While comparing trusts based on their ratings “can be a helpful indicator of potential areas of disparity for further investigation”, it should be done “cautiously”, keeping in mind factors like trust size and merger history, said NHS England.
Why are some experts urging caution?
Since the plan’s announcement, critics have raised several issues with how effective and trustworthy NHS league tables will be.
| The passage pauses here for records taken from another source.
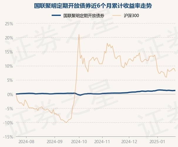 证券之星消息,1月22日,国联聚明定期开放债券最新单位净值为1.0403元,累计净值为1.2667元,较前一交易日上涨0.01%。历史数据显示该基金近1个月上涨0.21%,近3个月上涨1.14%,近6个月上涨1.26%,近1年上涨4.09%。该基金近6个月的累计收益率走势如下图: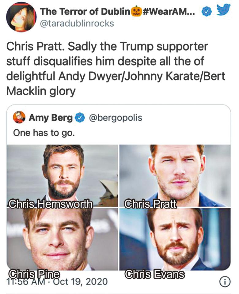 美國總統選舉在即,「星爵」基斯柏特(Chris Pratt)慘遭美國網民狙擊,話說一位電影人 Amy Berg於twitter貼出影壇四個Chris,包括基斯柏特、「雷神」基斯咸斯禾夫(Chris Hemsworth)、基斯派克(Chris Pine)與「美國隊長」基斯伊雲斯(Chris Evans)的相片,並表示:「其中一個要走。」結果就引發網民熱烈討論,不少人都表示基斯柏特要走,因為他沒有公開表態支持哪一名總統,也未有跟隨其他Marvel英雄齊齊撐拜登(Joe Biden),於是就被屈成特朗普(Donald Trump)支持者。加上他之前曾支持一間教會,而該教會又被指反LGBTQ(非異性戀者),所以網民都稱他為「最差的荷李活Chris」。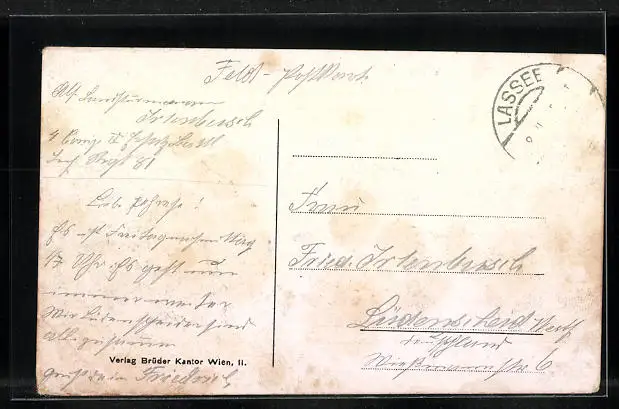 alte Ansichtskarte, gelaufen, Abriebspuren Ecken, Briefmarke entfernt, guter Zustand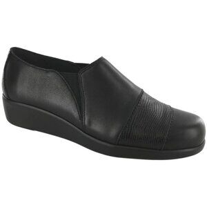 SAS Womens Nora Slip On Loafers Size 9W Black Wedge Leather Comfort Casual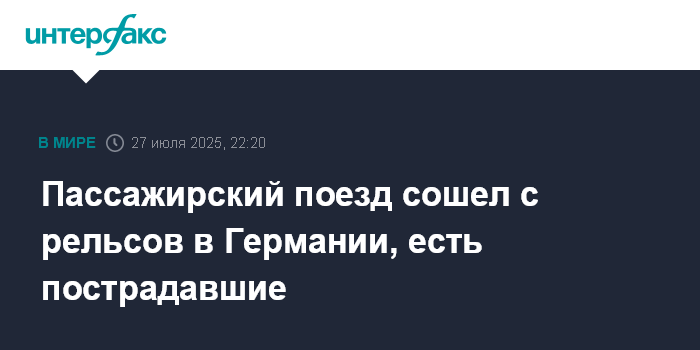 Москва. 27 июля. INTERFAX.RU - Пассажирский поезд сошел с рельсов на юго-западе Германии, несколько человек пострадали, сообщают в воскресенье немецкие СМИ со ссылкой на источники в органах безопасности.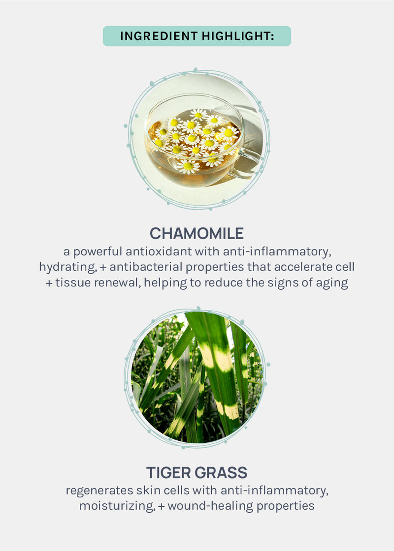 Tiger Grass // regenerates skin cells with anti-inflammatory, moisturizing, + wound-healing properties.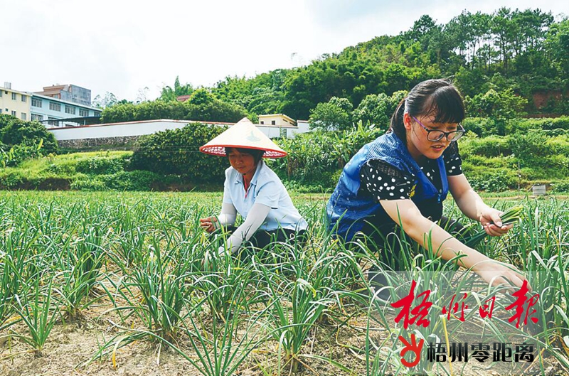 6月23日,在岑溪市馬路鎮(zhèn)五星村,駐村第一書(shū)記黃富英(右)幫助村民采收韭菜花。吳家寧 攝 |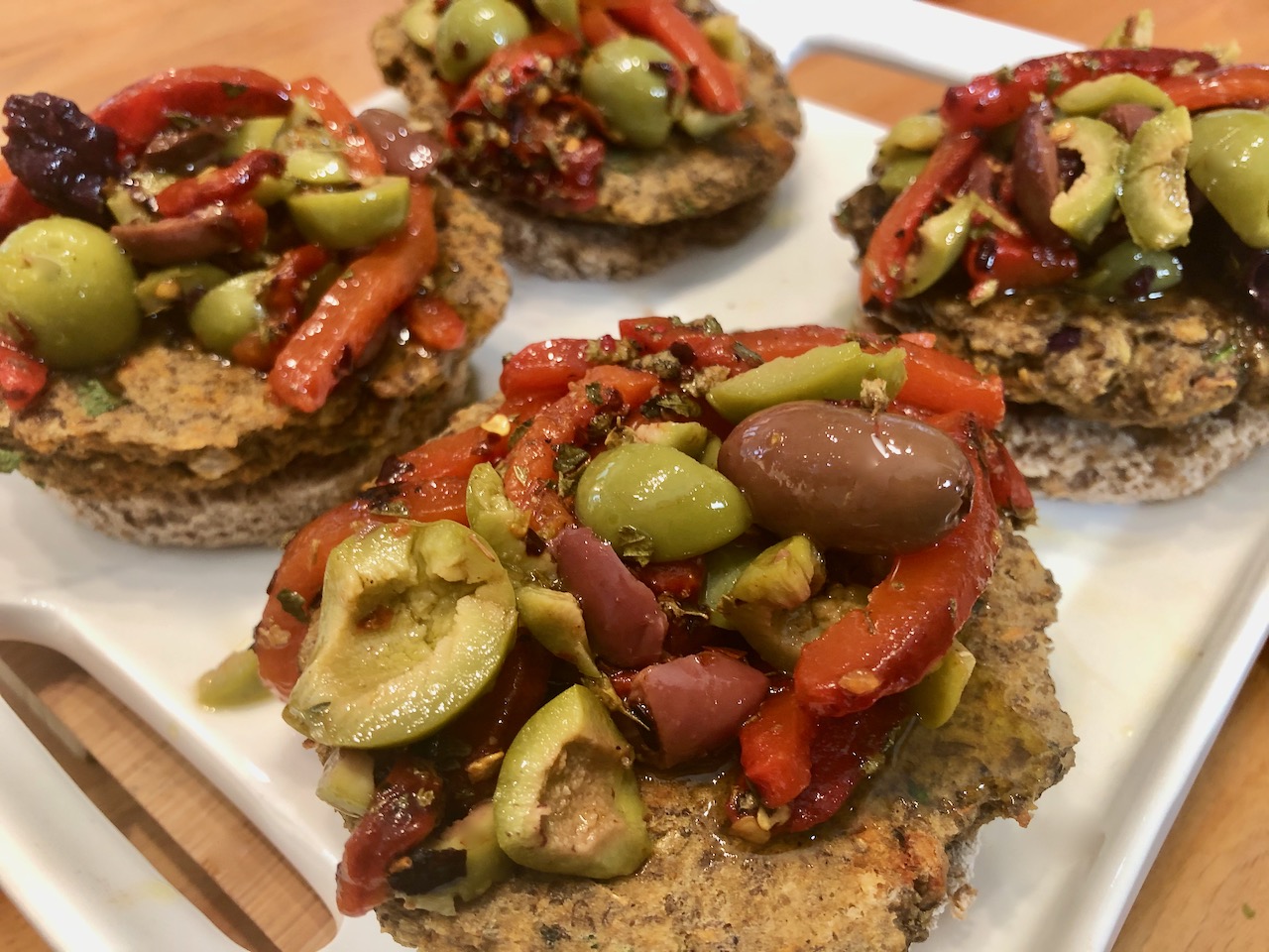 Step Three Place the burgers on a parchment lined sheet tray. Slide into a 350F oven and cook until warmed through – about 15 minutes, flipping half way thru cooking. Serve open faced on a slice of rustic bread and top with *Quick and Rustic Olive Salsa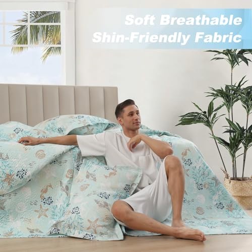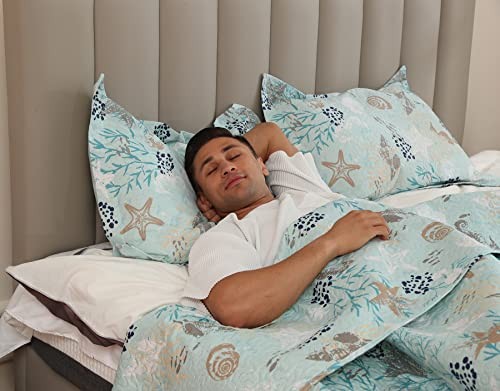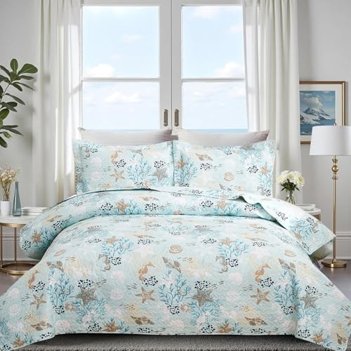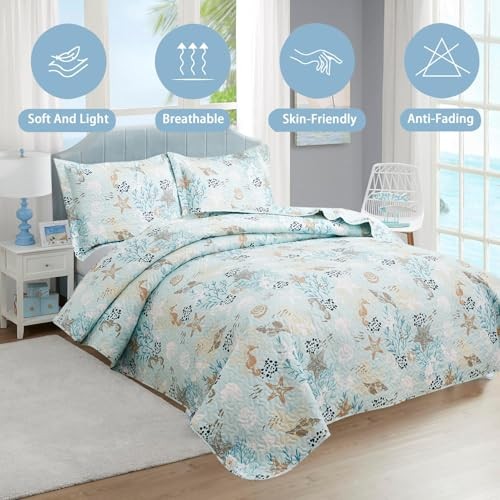3-Piece Coastal Beach Bedspread Set Quilt Set Blue Ocean Full/Queen Green Gray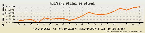 AUD/CZK, tassi di cambio storici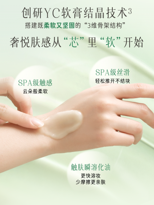使用肤感的创新设计,让卸妆过程成为一种舒适享受。产品采用 YC 软膏结晶技术,以天然蜂蜡与合成蜡构建 3 维骨架结构,触感如云朵般柔软细腻。触肤瞬间即化为丝滑油状,快速包裹彩妆并溶解,按摩时能温和带走黑白头,且全程不糊眼、无刺激感。搭配 DSET 极能双相自乳化技术,无需额外乳化步骤,无论冷水、温水都能轻松冲洗干净,洗后肌肤清爽无膜感,彻底摆脱油腻残留的困扰,让卸妆流程更便捷、更舒适。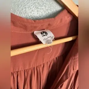 Chic terracotta dress with button-up front. Ideal for everyday wear, pair with boots for a cute fall look!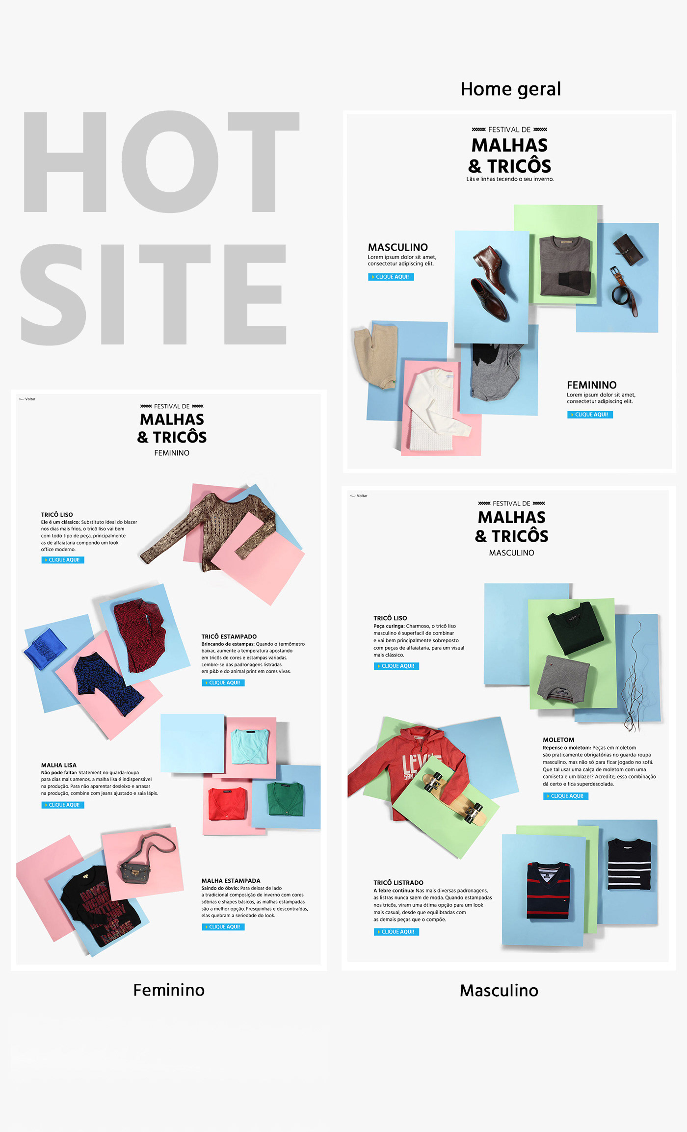 Desenvolvimento do hotsite de malhas e tricôs para a página de moda do submarino.com.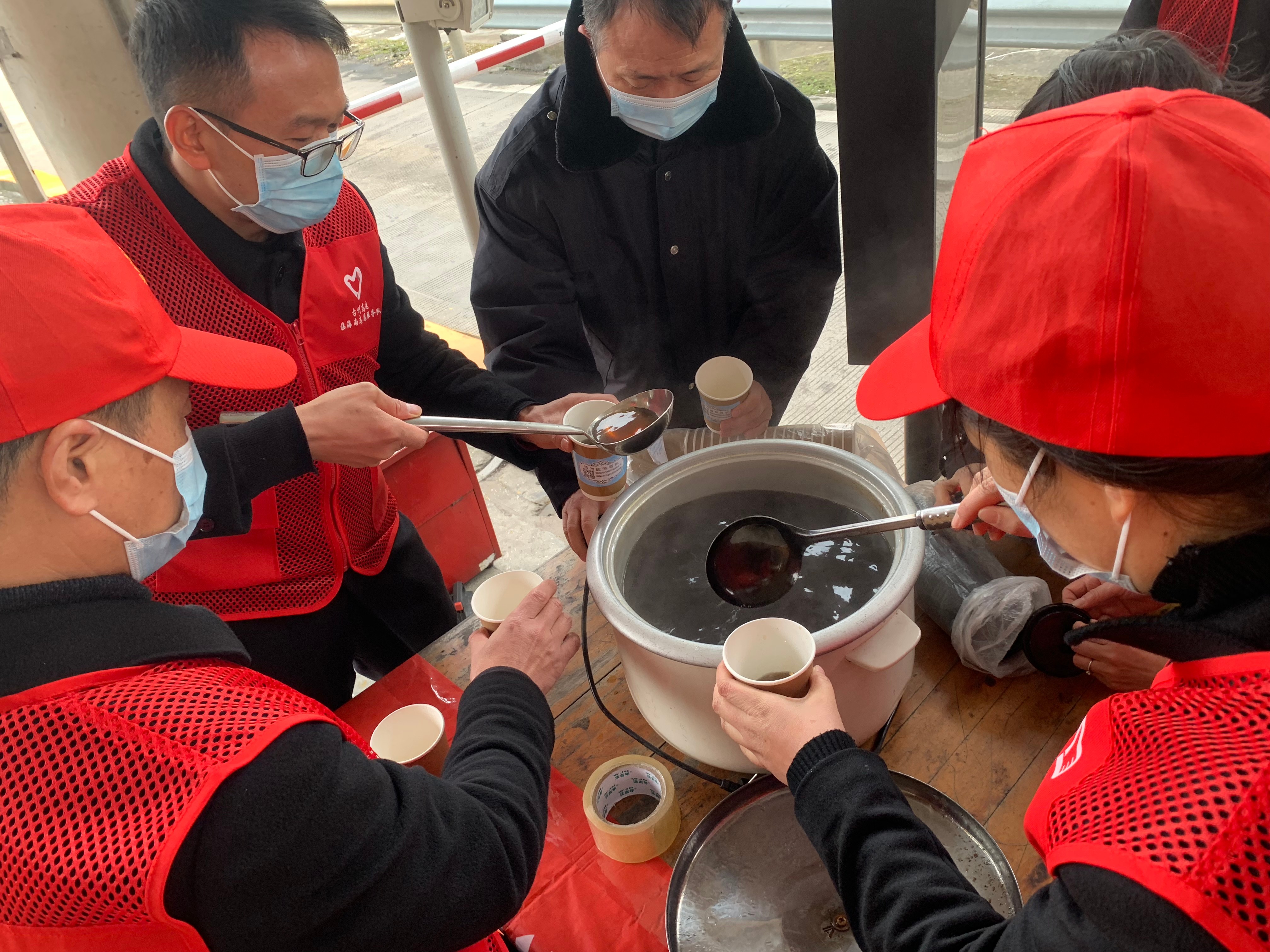 為了開展好本次活動,收費所黨支部提前一天就進(jìn)行了布置,力求在做好疫情防控的同時開展好志愿服務(wù)活動。 當(dāng)天上午,收費所食堂預(yù)先熬制好滿滿一大鍋紅棗姜茶,伴隨著鵝毛大雪,車道寒風(fēng)凜冽,但刺骨的寒風(fēng)擋不住志愿者們的似火熱情,大家身穿紅馬甲,面帶口罩,在搭好志愿服務(wù)臺后,有的負(fù)責(zé)用勺子把滾燙的茶水裝進(jìn)紙杯,有的負(fù)責(zé)蓋杯蓋,有的負(fù)責(zé)傳遞,有的負(fù)責(zé)把裝好茶水的杯子送給駕駛員,現(xiàn)場有序分工。熱情的服務(wù)贏得過往司乘人員的好評。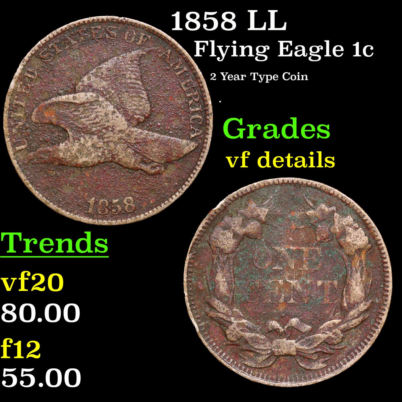 1858 LL Flying Eagle Cent 1c Grades vf details.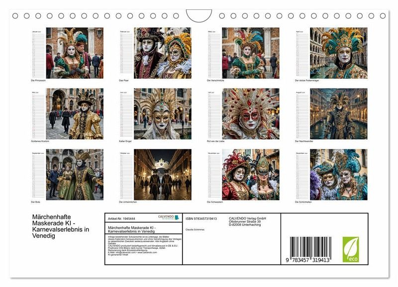 QUALITÄT - Hochwertiger Fotokalender mit 12 wunderschönen Motiven auf lichtbeständigem Bilderdruckpapier, robuste Spiralbindung mit Aufhängebügel.NACHHALTIG - deutliche Abfallreduzierung durch bedarfsgerechte Einzelstückfertigung, umweltfreundliches FSC-zertifiziertes Papier, Produktion in Deutschland, klimabewusste Logistik.PERFEKTES GESCHENK - Kalender für Freunde und Familie, für Kinder und Erwachsene, jung und alt, zu Weihnachten, Geburtstag oder zwischendurch.VIELFALT - Bildkalender in verschiedenen Formaten, z.B. DIN A5, DIN A4, DIN A3 sowie DIN A2. Ob Naturmotiv, Gemälde oder Fotos, ideal für ein persönliches Wohlfühlambiente.Erlebe die faszinierende Welt des venezianischen Karnevals mit atemberaubenden Masken und Kostümen von Autor(in): Claudia Schimmack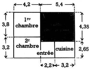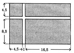 rectangles de 6,5 m de hauteur, 18 m et 12,8 m de bases, et d’un triangle isocèle de 10,4 m de base et 6,5 m de hauteur.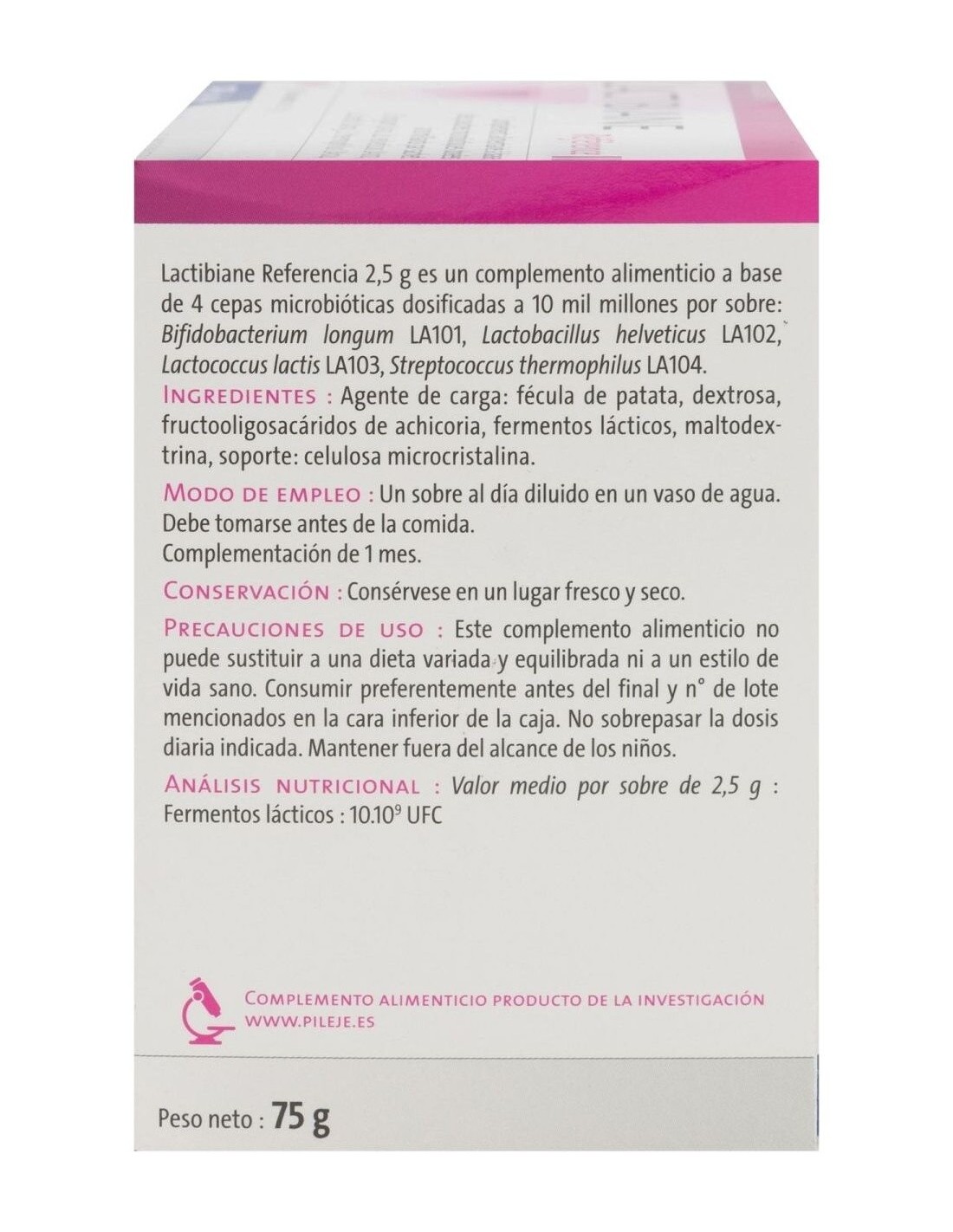 PILEJELactibiane Reference 30Sbrs. de Pileje es un complemento probiótico dirigido a personas que buscan apoyar su salud digestiva, formulado con cepas específicas para favorecer el equilibrio natural de la microbiota intestinal.

Streeting “accused health think tanks of ‘elitist nonsense’” after claims that the tables would be “difficult to interpret”.
But the tables “don’t tell you in simple terms” how a hospital is performing, Sarah Woolnough, chief executive of the King’s Fund, told the BBC. “It’s not elitist to say these rankings risk confusing people, rather than helping them choose where to get great care.”
There is also a risk that “trusts will focus only on the measures that immediately boost their ranking", even if those measures aren’t necessarily best for their patients, Thea Stein, chief executive of the Nuffield Trust, told The Telegraph. “As finances have a particular sway on the rankings”, the tables are “of limited use” for patients seeking care.
What will happen to low-ranked trusts?
The newly published league tables show that 80% of England’s acute hospital trusts “are considered to be failing because they are ‘off-track’ on performance targets or running financial deficits”.
While NHS executives and leaders at top-ranked trusts may be offered bonuses, more flexibility with budgeting, or temporary pay raises “to go into the lower-ranked organisations and turn them around”, those leading the “worst performers” might see their pay frozen or docked.
Some health experts have expressed “fears that those serving poorer or more isolated areas will be stigmatised”, said The Mirror. Divides between urban and rural areas, and the north and south of England, have already emerged in the tables.
“There’s more work to do” before staff and patients can fully trust the league tables, said Daniel Elkeles, chief executive of NHS Providers, an organisation that represents trust leaders.
The tables need to be accurate and fair – “anything less could lead to unintended consequences, potentially damaging patient confidence in local health services, demoralising hard-working NHS staff and skewing priorities”.